After a life of loving the old, by natural law I turned old myself. Decades followed each other—thirty was terrifying, forty I never noticed because I was drunk, fifty was best with a total change of life, sixty extended the bliss of fifty—and then came my cancers, Jane’s death, and over the years I travelled to another universe. However alert we are, however much we think we know what will happen, antiquity remains an unknown, unanticipated galaxy. It is alien, and old people are a separate form of life. They have green skin, with two heads that sprout antennae.
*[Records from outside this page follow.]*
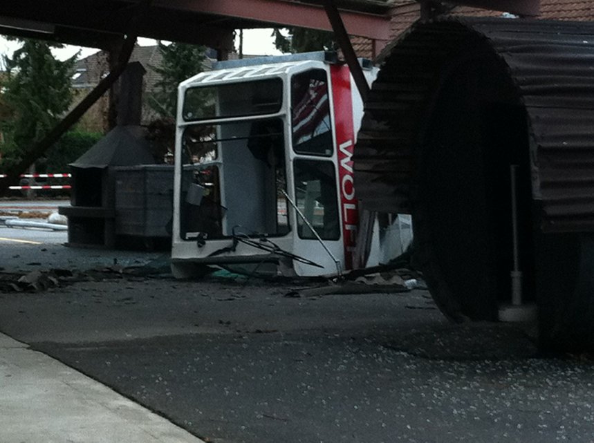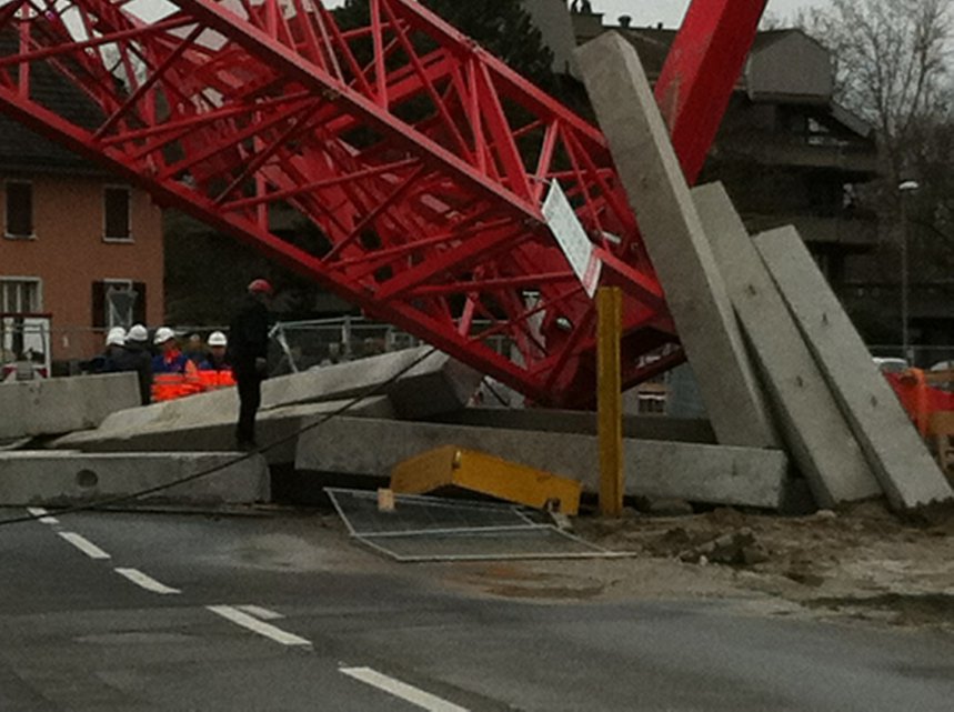 Studen, Switzerland. A 45 Meter Tall Wolff Tower Crane on a cross base fell injuring two people on the ground and the operator of the crane. Also a building that was occupied has been virtually demolished and surprisingly no one was reported as injured. Two cars were struck by the jib of the crane and were certainly a total loss. They were virtually pancaked.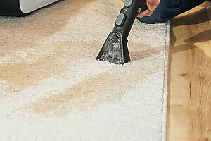 さっそく気になっていたカーペットに試すと「パワーがありますね。きれいにしたい箇所に洗浄水を確実に吹きつけられるし、汚れを吸引する力が強いからカーペットの色が一段明るくなった気が。シミも薄くなりますね」。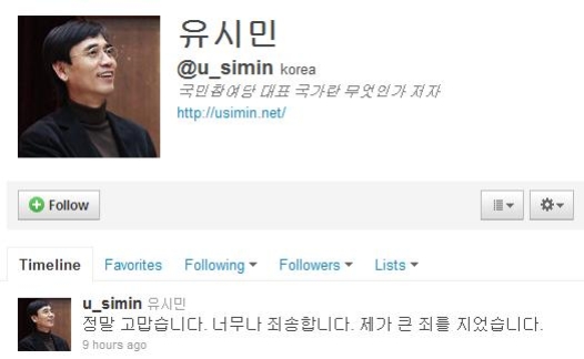 유 대표는 28일 새벽 자신의 트위터를 통해 “정말 고맙습니다. 너무나 죄송합니다. 제가 큰 죄를 지었습니다”라고 이번 선거패배와 관련 짧은 심경을 전했다. 유 대표의 이 같은 발언은 강력하게 지지했던 이봉수 후보가 한나라당 김태호 후보에게 패하자 책임을 느낀 것으로 해석된다.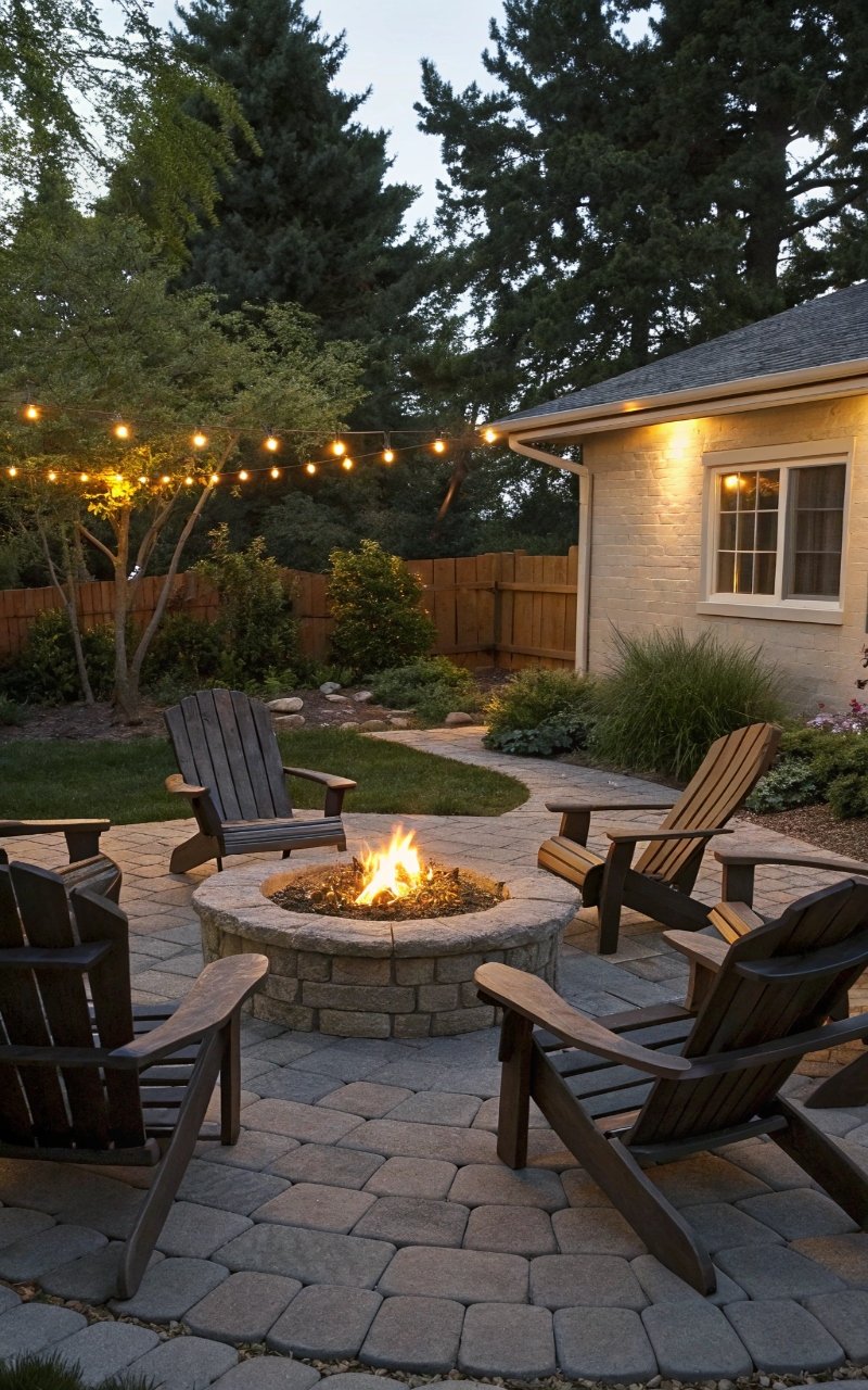 A fire pit creates a cozy gathering area. I love the warmth and glow it provides. The space feels welcoming. Nothing feels formal. Doesn’t firelight make everything better? It really does.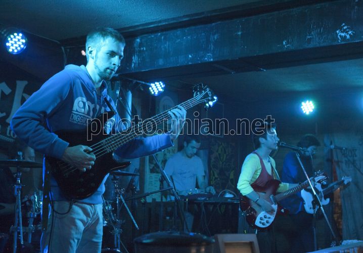 Участники российской рок-группы «Сурганова и оркестр», слева направо: бас-гитарист Денис Сусин, вокалистка и гитаристка Светлана Сурганова и гитарист Валерий Тхай выступают во время концерта, в Киеве, в среду, 13 октября 2010 г. Фото УНИАН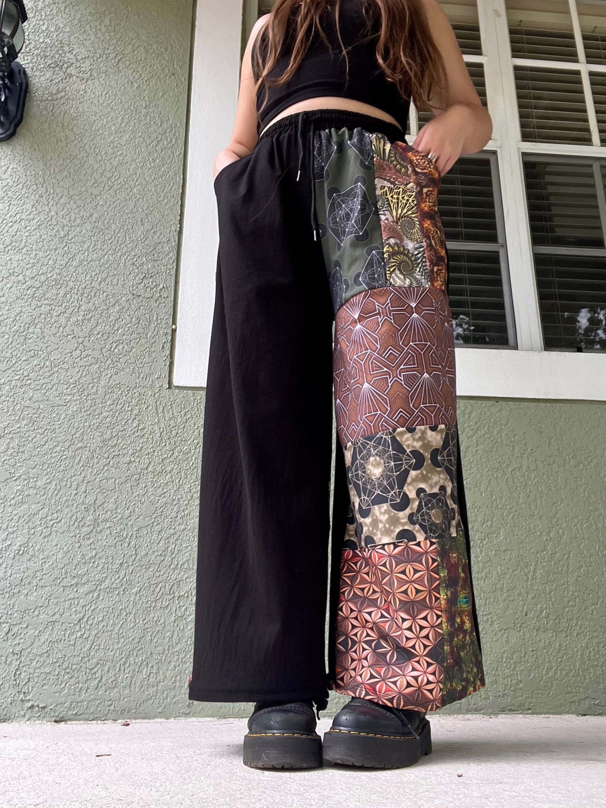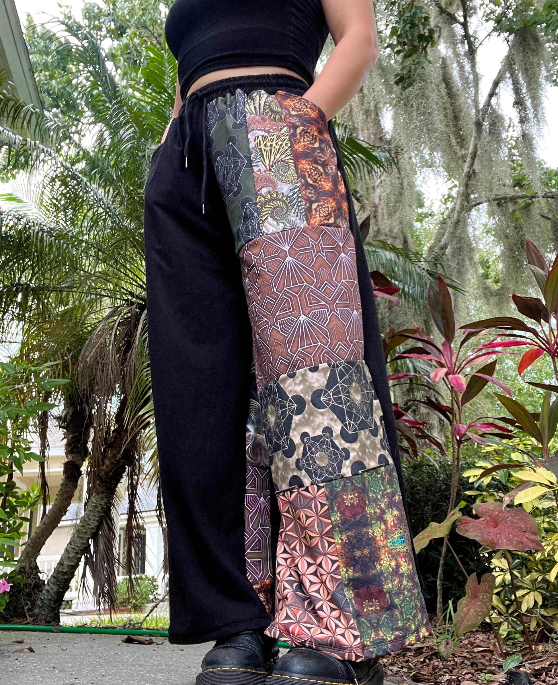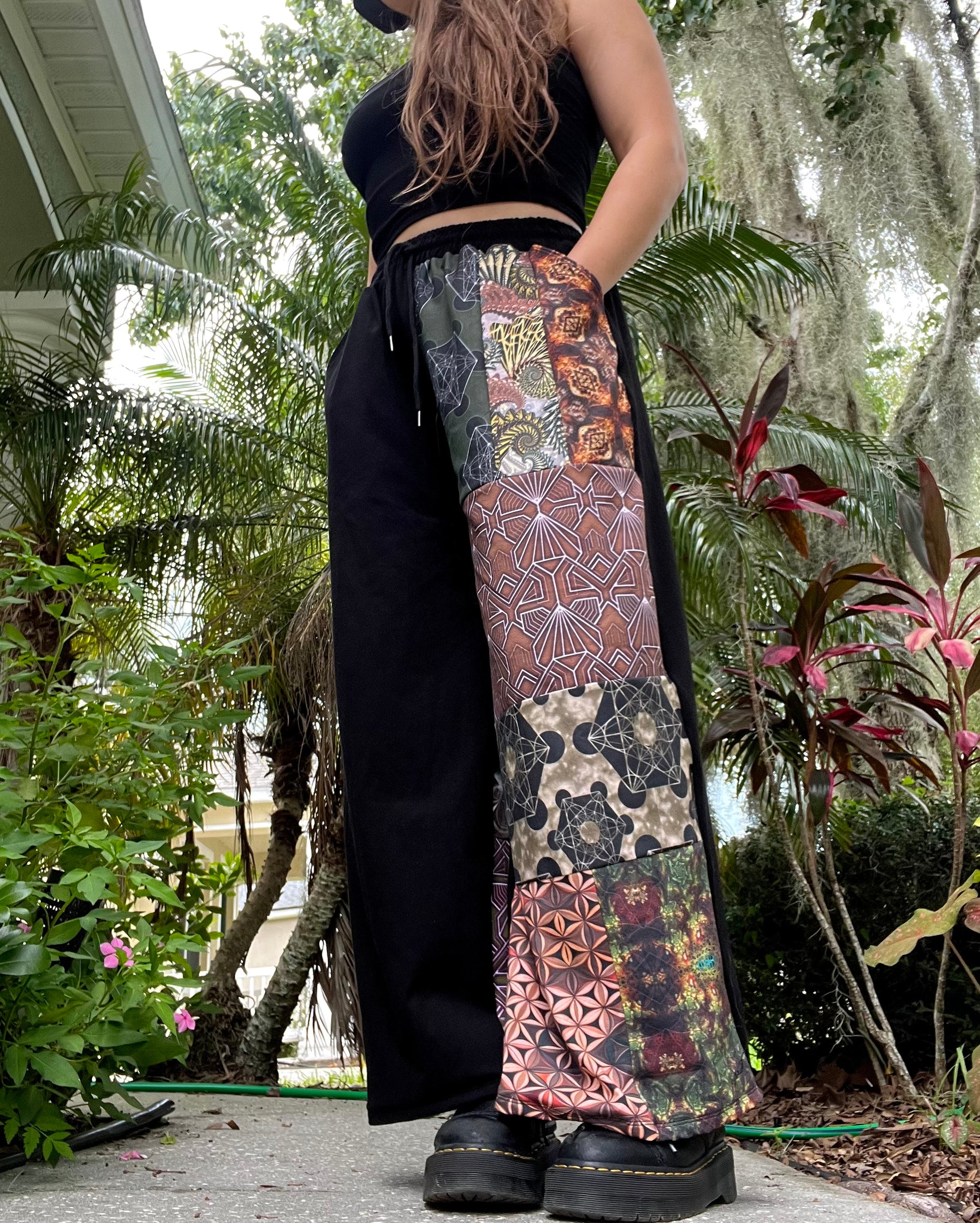 Mostly all patterned fabric is 93% Cotton 7% Spandex - It’s a 4 way stretch that’s very comfortable and allows for movement & breathability while also holding you in just right, contents of solid fabrics vary because I tend to switch them up, but I normally stick with natural fibers. 99% of everything I make is fire safe and can confidently be worn while flowing with fire props. Feel free to email me if you have questions about a specific one :)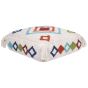 Add a touch of whimsy to your children's room decor with this floor cushion. Handcrafted with care out of cotton, this plush, white square cushion showcases a delightful array of multicoloured diamond shapes, perfect for brightening any room. Each corner is accented with a charming tassel, combining comfort with a dash of playful style. Ideal for a child's bedroom or as a cosy nook accessory, this cushion invites you to sit back and relax in comfort. Details: Color: White, Multicolour. Main material: Cotton. Material Composition: 100% Cotton Weight: 3 Assembly: Does Not Require Assembly Weight Capacity: 75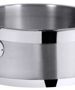 Bratentopf, aus Edelstahl 18/10, seidenmatt gebürstet mit (bis Ø 32 cm hochglänzendem) Schüttrand, verkapselter Sandwichboden, induktionsgeeignet, handliche Vollprofil-Kaltgriffe mit Schutzplatten, extra schwere Qualität
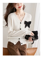 ちょう結び エレガント ウール ニット カーディガン 女性 秋 セーター ショート コート v ネック トップ ホワイト フリーサイズ トップス 袖あり かわいい 大人可愛い きれいめ シンプル カジュアル 大人 上品 おしゃれ お洒落 大人可愛い 大人女子 キュート 春 夏 秋 10代 20代 30代 レディース 女性用 女の子 通勤 学生 通学 デート お出かけ 女子会 お泊まり 休日 パーティー イベント 旅行 普段使い ファッション コーデ スタイル インスタ映え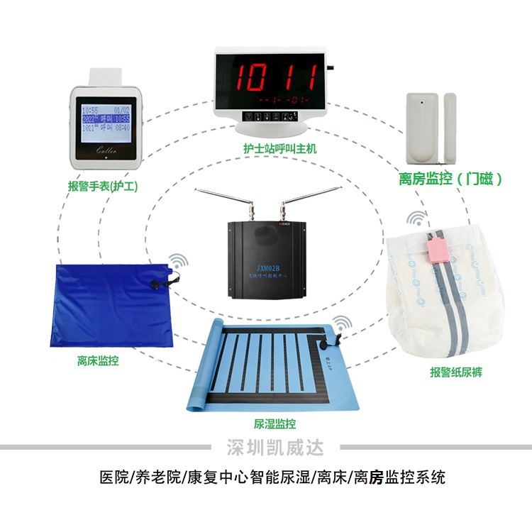 特地针对医院养老院瘫痪失禁人员的尿湿监控系统由尿湿感应垫,专用一次性纸尿垫或者可循环使用布尿垫,尿湿感应发射器,手表式报警器等组成,为了养老院等机构无线信号覆盖,可以根据环境需要,适当增加信号放大器来满足感应距离的需求。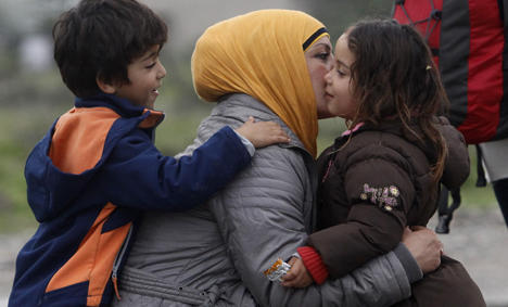 A boy and a girl hug a woman as they arrive at the transit camp for refugees near the southern Macedonian town of Gevgelija, after crossing the border from Greece, on Thursday, Oct. 8, 2015. Several thousand migrants and refugees enter daily from Greece into Macedonia on their way through the Balkans towards the more prosperous European Union countries. More than 500,000 people have arrived this year in EU seeking sanctuary or jobs, sparking the EU's biggest refugee emergency in decades. (AP Photo/Boris Grdanoski)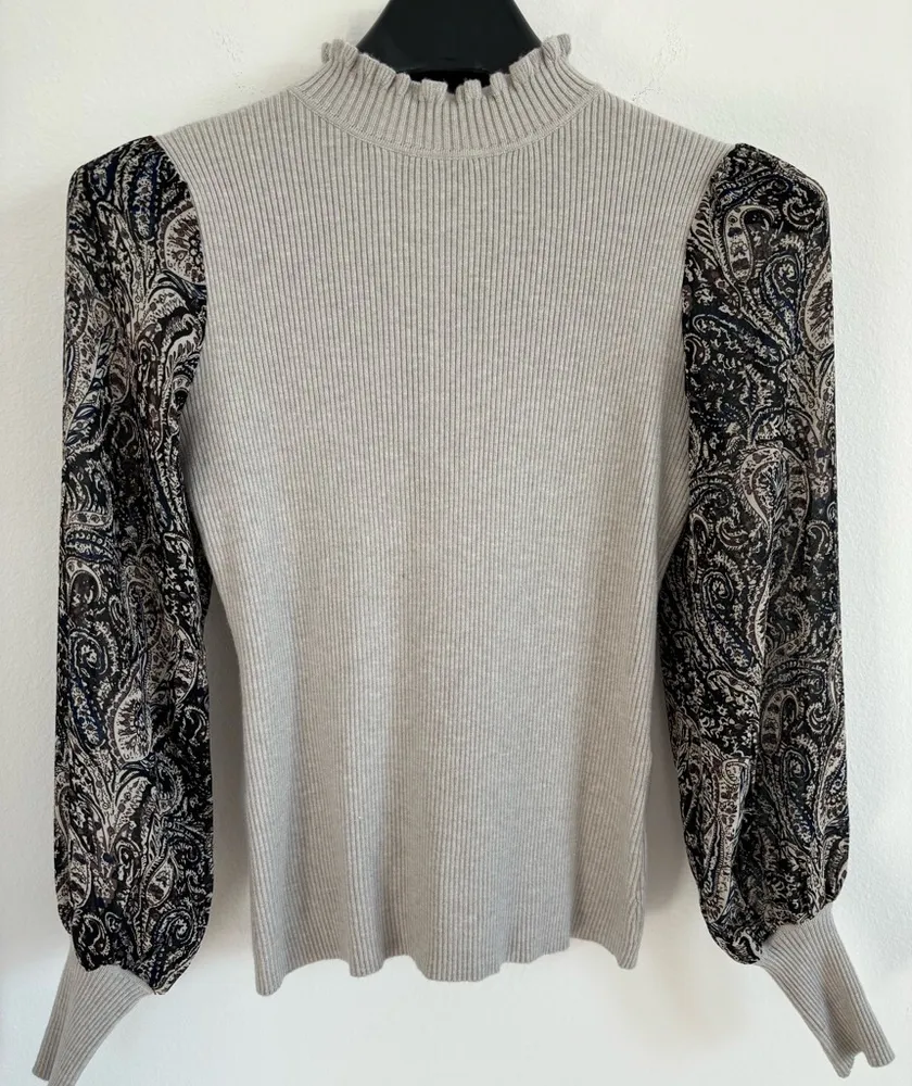 - Brand: Siani Milano - Size: Women's Small - Color: Cream - Details: Sheer Paisley Sleeves, Mock Neck, Ribbed - Condition: Excellent Pre-Owned - Romantic, Preppy, Luxury, Quiet Luxury, Career, Workwear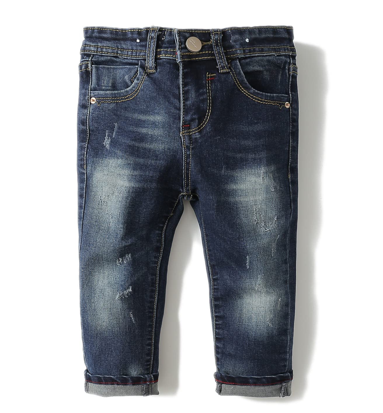 KIDSCOOL SPACE Baby Girl Boy Slim Jeans Little Kid Elastic Band Inside Ripped Denim Pants 2-3 Years Dark Blue-2098

They can be pleasant, they can be annoying—in the supermarket, these old old ladies won’t get out of my way—but most important they are permanently other. When we turn eighty, we understand that we are extraterrestrial. If we forget for a moment that we are old, we are reminded when we try to stand up, or when we encounter someone young, who appears to observe green skin, extra heads, and protuberances.

***

Whatever the season, I watch the barn. I see it through this snow in January, and in August I will gaze at trailing vines of roses on a trellis against the vertical boards. I watch at the height of summer and when darkness comes early in November. From my chair I look at the west side, a gorgeous amber laved by the setting sun, as rich to the eyes as the darkening sweet of bees’ honey. . . . Out the window, I watch a white landscape that turns pale green, dark green, yellow and red, brown again under bare branches, until snow falls again.